Records excerpted from a collection
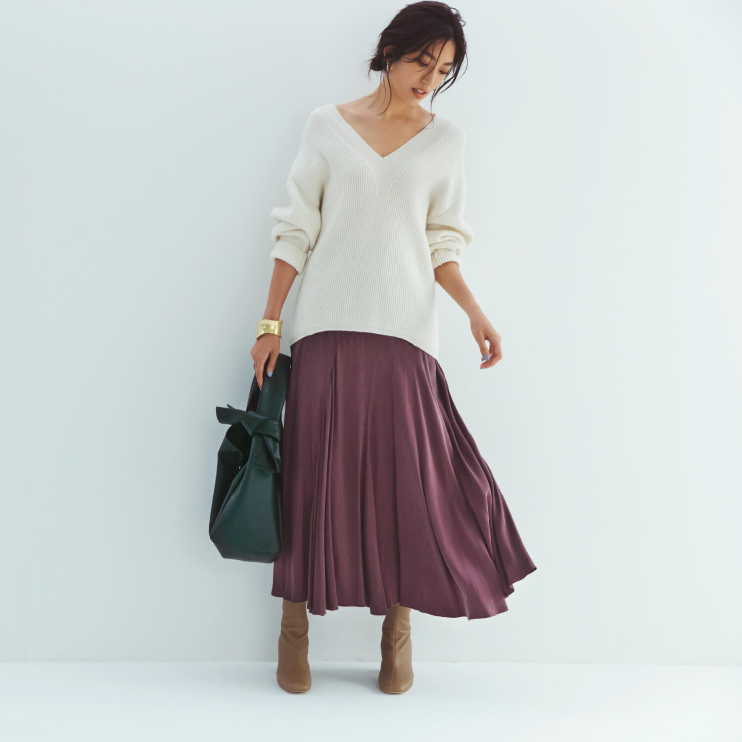 大人がシンプルなアイテムを着る時には、上質な素材を選ぶことが大切。カシミヤを混紡したしなやかなニットは、トレンドのオーバーサイズでも品のあるスタイルが叶います。広くあいたVネックラインが、ほんのり色香もプラスします。
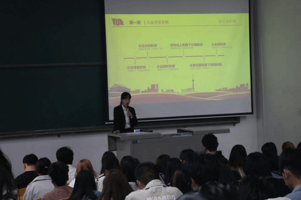 宣讲中,王老师围绕“长征的背景资料”、“习近平总书记的长征箴言”、“民族复兴需要圆梦精神和长征精神的融合升华”、“弘扬长征精神,走好新长征路”四个方面进行宣讲。首先,王老师以时间为顺序给大家讲解了长征路上中国工农红军所经历的重要战役,带领同学们回顾长征,缅怀先烈。随后,王老师围绕“习近平总书记的长征箴言”以及“民族复兴需要圆梦精神和长征精神的融合升华”两个主题思想向大家做了介绍。王老师引用习近平总书记的重要讲话精神指出:长征永远在路上,每一代人有每一代人的长征路,每一代人都要走好自己的长征路。最后,王老师带领我们展望未来,去感受中国未来建设发展的宏伟蓝图。弘扬长征精神,走好新长征路,王老师希望同学们能够不忘初心,传承好、弘扬好伟大的长征精神,为实现“两个一百年”奋斗目标的新长征,继续提供强大的精神力量。
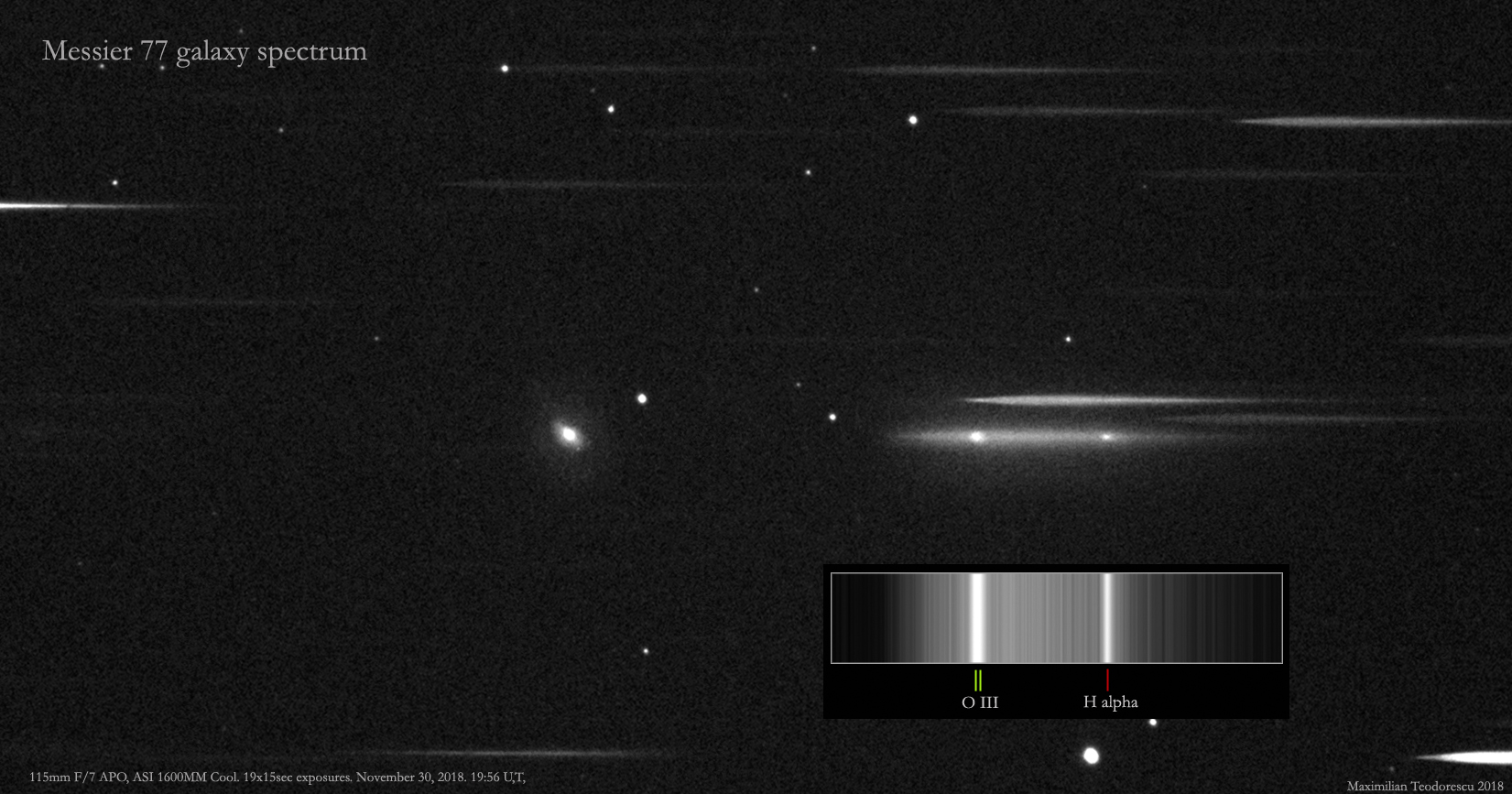 A spectrum of galaxy M 77, a Seyfert type galaxy, with an active nuclei.
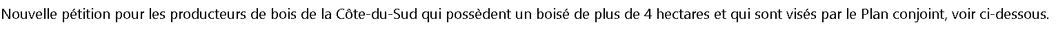 Cette pétition s’adresse exclusivement aux producteurs de bois de la Côte-du-Sud qui possèdent un boisé de plus de 4 hectares et qui sont visés par le Plan conjoint des producteurs de bois de cette région.
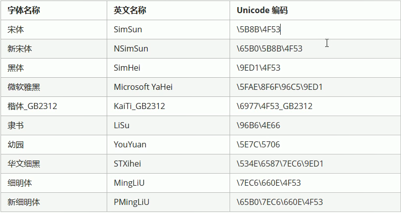font-family: "宋体";
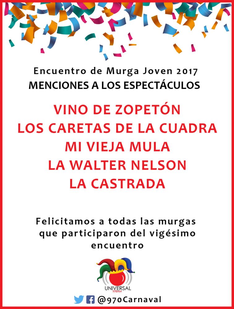 A continuación, la lista completa de menciones del encuentro de Murga Joven 2017:

> [What to work on]
In the records above, find the line containing "A spectrum of", then please restate it and each line after it word for word, pictures excluded.

> [Solved exercise]
 A spectrum of galaxy M 77, a Seyfert type galaxy, with an active nuclei.
 Cette pétition s’adresse exclusivement aux producteurs de bois de la Côte-du-Sud qui possèdent un boisé de plus de 4 hectares et qui sont visés par le Plan conjoint des producteurs de bois de cette région.
font-family: "宋体";
 A continuación, la lista completa de menciones del encuentro de Murga Joven 2017:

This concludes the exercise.